I looked mostly at cache hit rates by pipeline, anticipating that the most likely place to see a high cache hit rate would be gate-and-submit, the hypothesis being that changes often go through test just prior to gate-and-submit and that there would be a window of time where the branches of all dependencies wouldn't move. This proved to be only partially correct.

cacheValues
HITMISS
pipeline%n%n
6.25%293.75%30
coverage2.82%3397.18%1136
experimental2.00%298.00%98
gate-and-submit6.40%66493.60%9710
gate-and-submit-1_3938.18%4261.82%68
gate-and-submit-1_4228.17%4071.83%102
gate-and-submit-1_4321.76%4778.24%169
gate-and-submit-wmf28.30%9071.70%228
php100.00%23
test3.01%34696.99%11150
test-1_393.10%496.90%125
test-1_426.58%593.42%71
test-1_430.35%199.65%285
test-wmf12.10%3087.90%218
Grand Total5.28%130694.72%23413

Where we do see high hit rates is in the gate-and-submit pipelines that operate on slower moving (version) branches, a ~ 20-40% range. This is excellent in terms of rates.
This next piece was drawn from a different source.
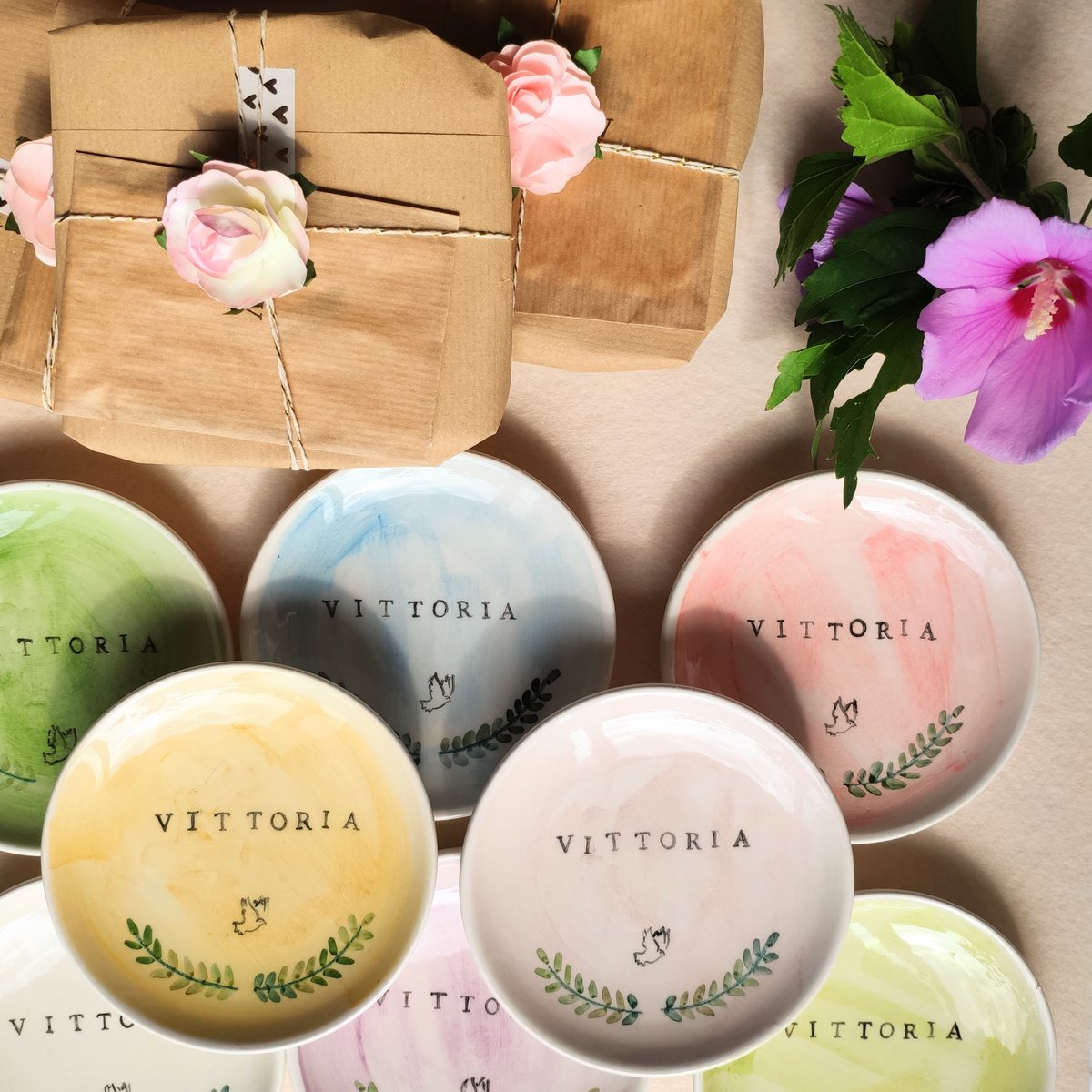Piattino in ceramica personalizzato – Bomboniera artigianale (12 cm)

The hit rate isn't all that much more impressive in regular ol' gate-and-submit (6.4%) than in test (3.01%). It's very possible that the rate of changes being merged to master branches outpaces the window of time where nothing changes in the overall set of dependencies between a test and gate-and-submit run.
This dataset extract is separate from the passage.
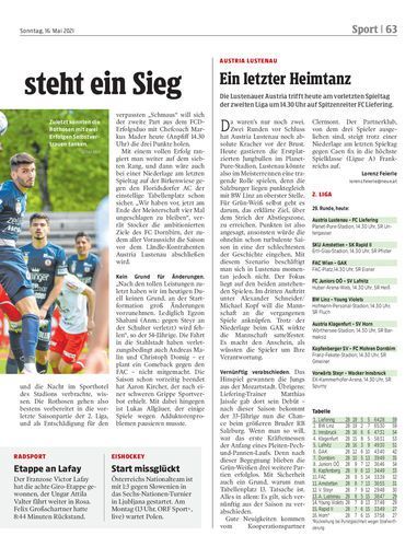 Die Lustenauer Austria trifft heute am vorletzten Spieltag der zweiten Liga um 14.30 Uhr auf Spitzenreiter FC Liefering.

However, looking at total duration of builds where a success cache hit was encountered, seeing this as potential CI time saved, puts things in greater perspective. (Note that the total duration of the builds isn't exactly the time that would be saved with a fully functioning cache, since there will continue to be overhead in the initial Zuul cloning and setup.)

SUM of duration_minscache
pipelineHITMISSGrand Total
6.429866667108.3951167114.rEMFR8249833e221c
coverage68.670716672568.49242637.163117
experimental5.31041666798.83553333104.14595
gate-and-submit4984.568776754.460581739.0292
gate-and-submit-1_39195.8168526.5693167722.rOPUP3861167e62af
gate-and-submit-1_42304.66591009.3438171314.009717
gate-and-submit-1_43455.36928331592.4380332047.807317
gate-and-submit-wmf893.011652302.24323195.25485
php168.5462667168.5462667
test2530.73466795582.6985298113.43318
test-1_3911.68463333606.1368167617.82145
test-1_4247.9012496.0785543.9797
test-1_432.874551391.48671394.36125
test-wmf288.00618332365.75022653.756383
Grand Total9795.044567185571.4749195366.5195
Real time saved (hours)163.2507428

While cache hit rates in gate-and-submit are not super high (again, 6.4%) the potential CI time saved is substantial, ~ 4985 minutes (83 hours) in a two week period.

See

for the raw report data.

Summary

Success caching should save us enough real CI time that's it's worth the extra complexity in Quibble. Builds for backport changes to slow moving version branches are more likely to encounter a success cache hit than builds for changes to master branches.